▶ Entries supplied:
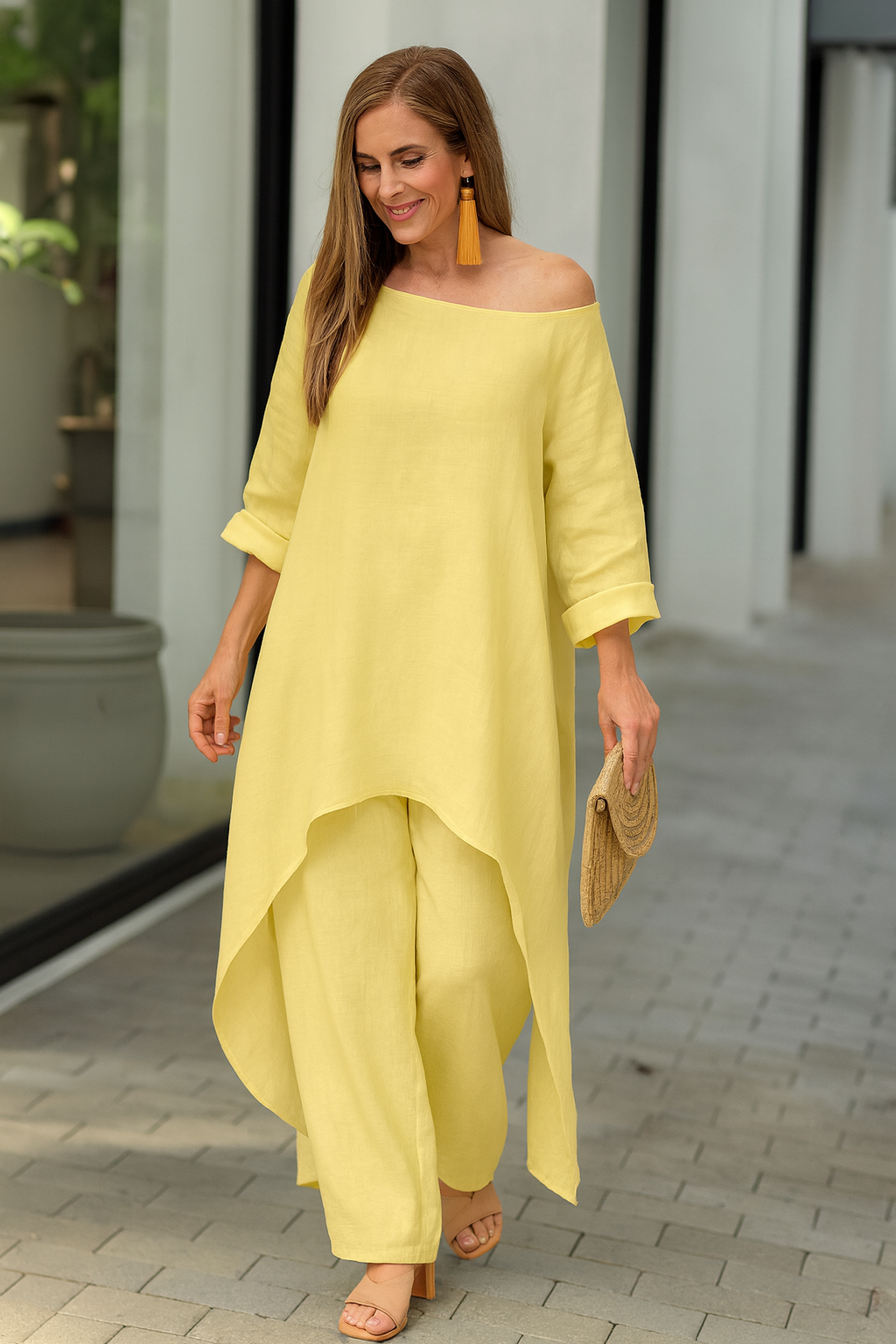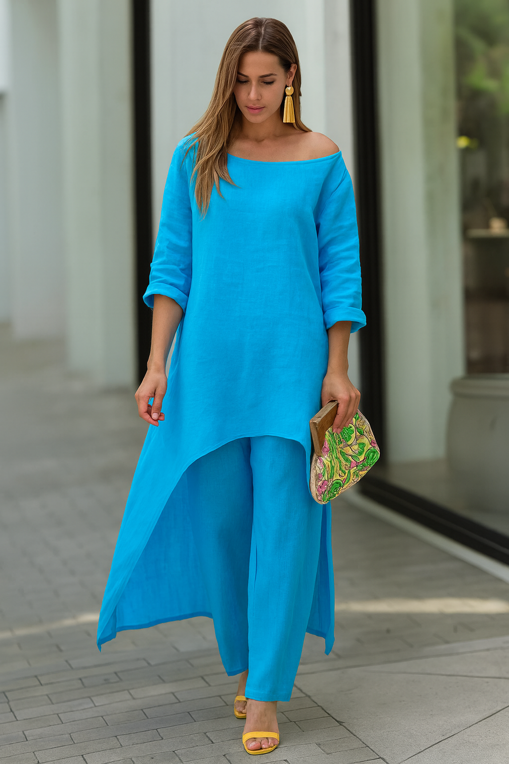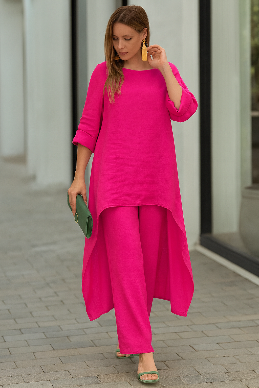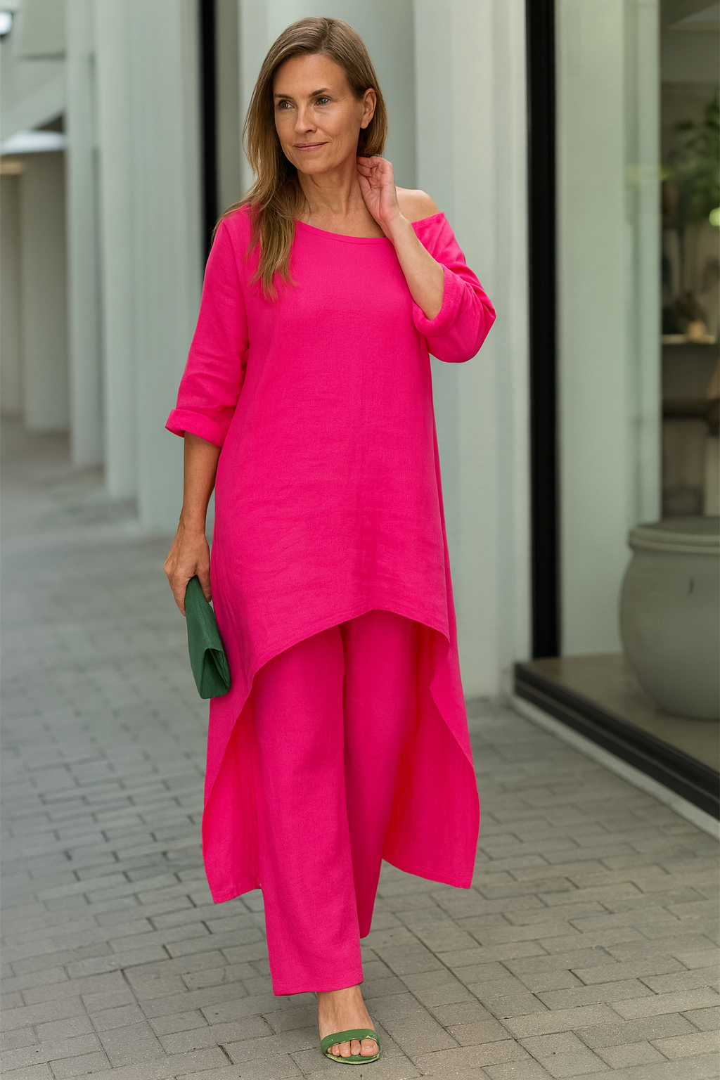 - Diseño equilibrado – la combinación de top holgado y pantalón ancho logra una silueta moderna con gran comodidad.
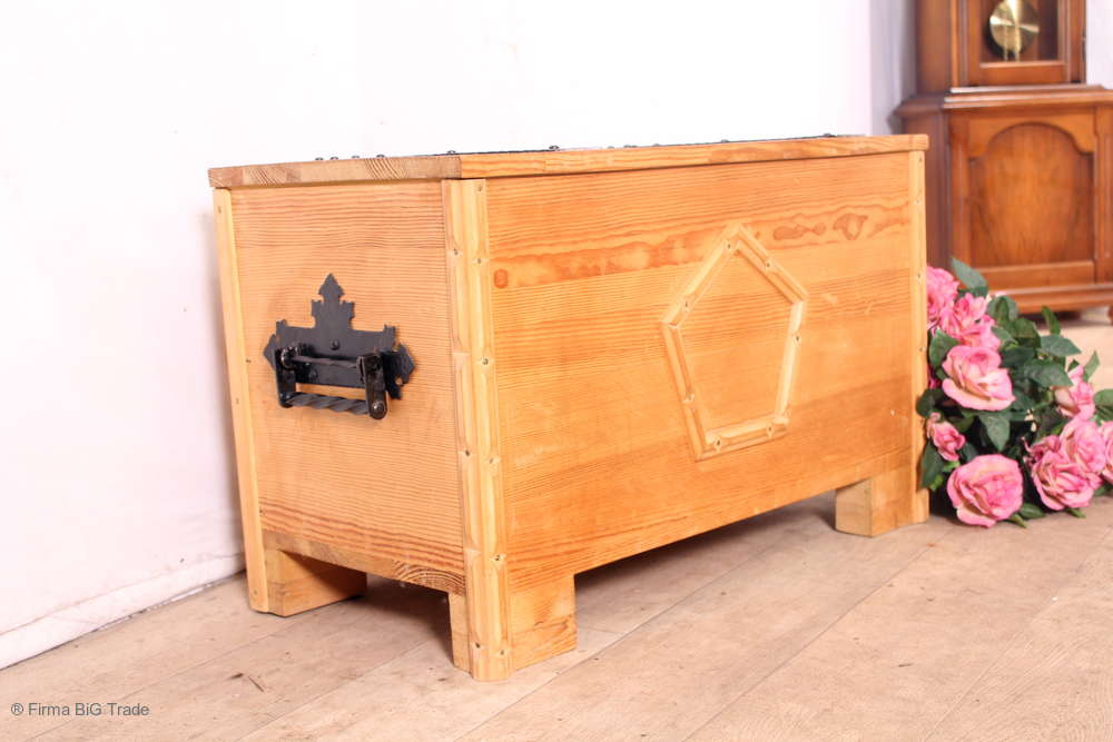 Schöne Kindertruhe Sitztruhe Landhaustruhe Küchentruhe Flurtruhe Massiv Holz Verzierte Griffe Eisenbänder
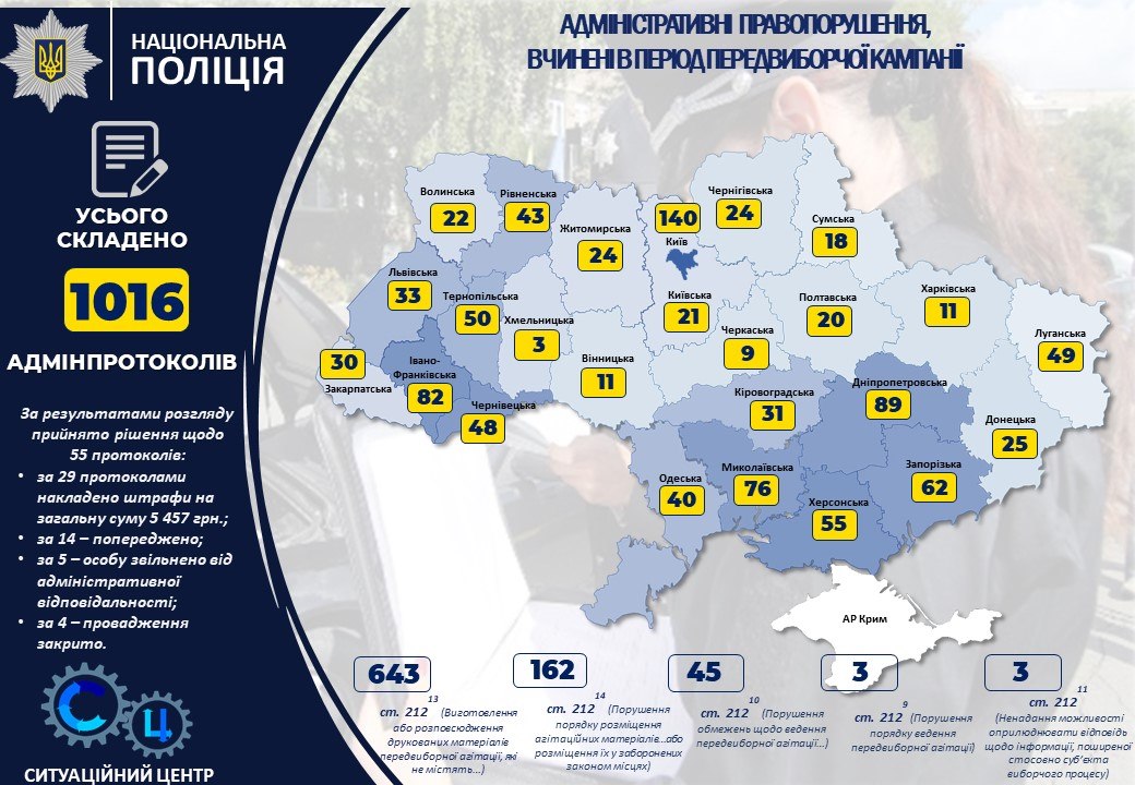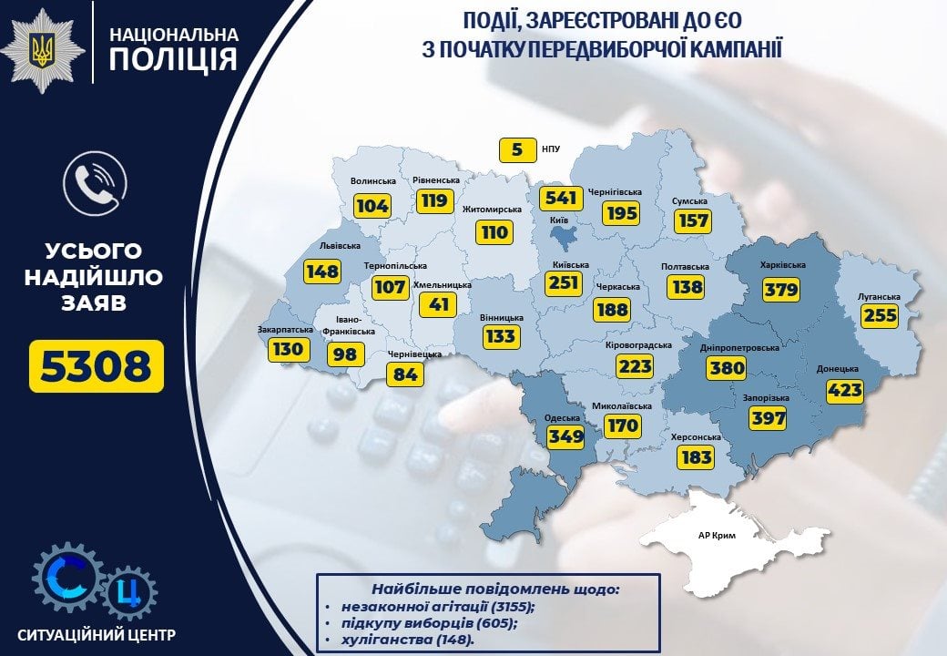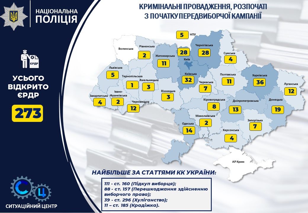 Він поточнив, що слідчі Нацполіції відкрили 273 кримінальні провадження, пов’язані з можливим порушенням виборчого законодавства. Майже 75% із зареєстрованих кримінальних проваджень безпосередньо стосуються порушення виборчих прав громадян та пов'язані із перешкоджанням вільному здійсненню громадянами свого виборчого права (ст. 157 КК України) – 88 проваджень та підкупом виборців (ст. 160 КК України) – 111 проваджень.
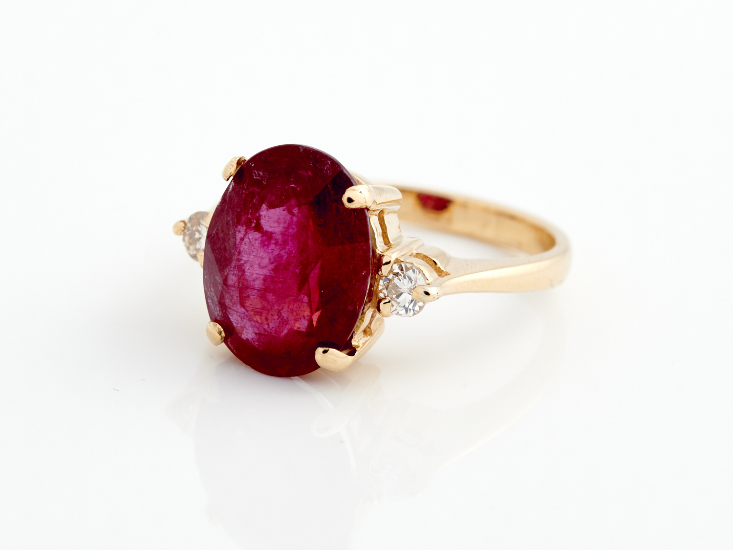 A RUBELLITE TOURMALINE AND DIAMOND RING IN 18CT GOLD, THE RUBELLITE WEIGHING 5.30CTS, SIZE M, 5.4GMS
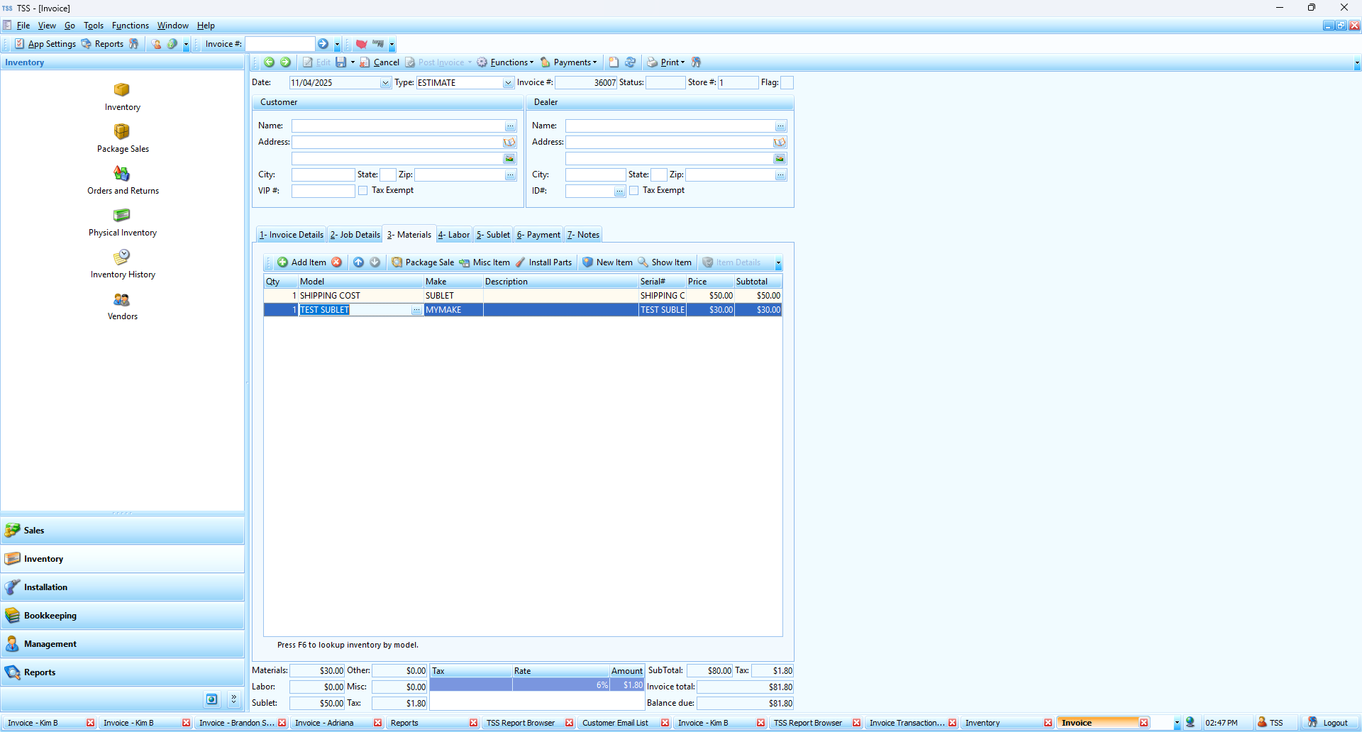 When using the Special Order items feature it is usually best to force serial number for better tracking (although not required). Be sure the item has no inventory on-hand Create a new invoice, add the item to the Materials tab and Save the Invoice ...
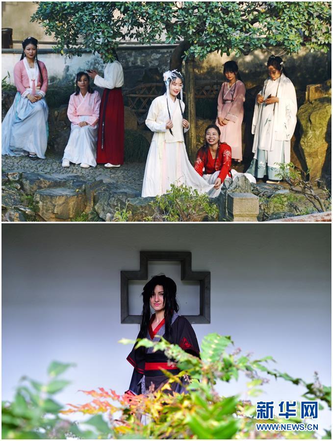 這張拼版照片展示的是:上圖,2019年4月1日,游客在中國蘇州耦園內身著古裝拍照(新華社記者杜涓涓攝);下圖,2019年4月13日,一名當地游客在德國曼海姆中式園林“多景園”內身著古裝拍照(新華社記者逯陽攝)。

▶ Your goal: All that is wanted is the run of lines from the start of the material through the line that holds "Schöne Kindertruhe Sitztruhe", retyped exactly, with no pictures.

▶ Solution for this problem:
 - Diseño equilibrado – la combinación de top holgado y pantalón ancho logra una silueta moderna con gran comodidad.
 Schöne Kindertruhe Sitztruhe Landhaustruhe Küchentruhe Flurtruhe Massiv Holz Verzierte Griffe Eisenbänder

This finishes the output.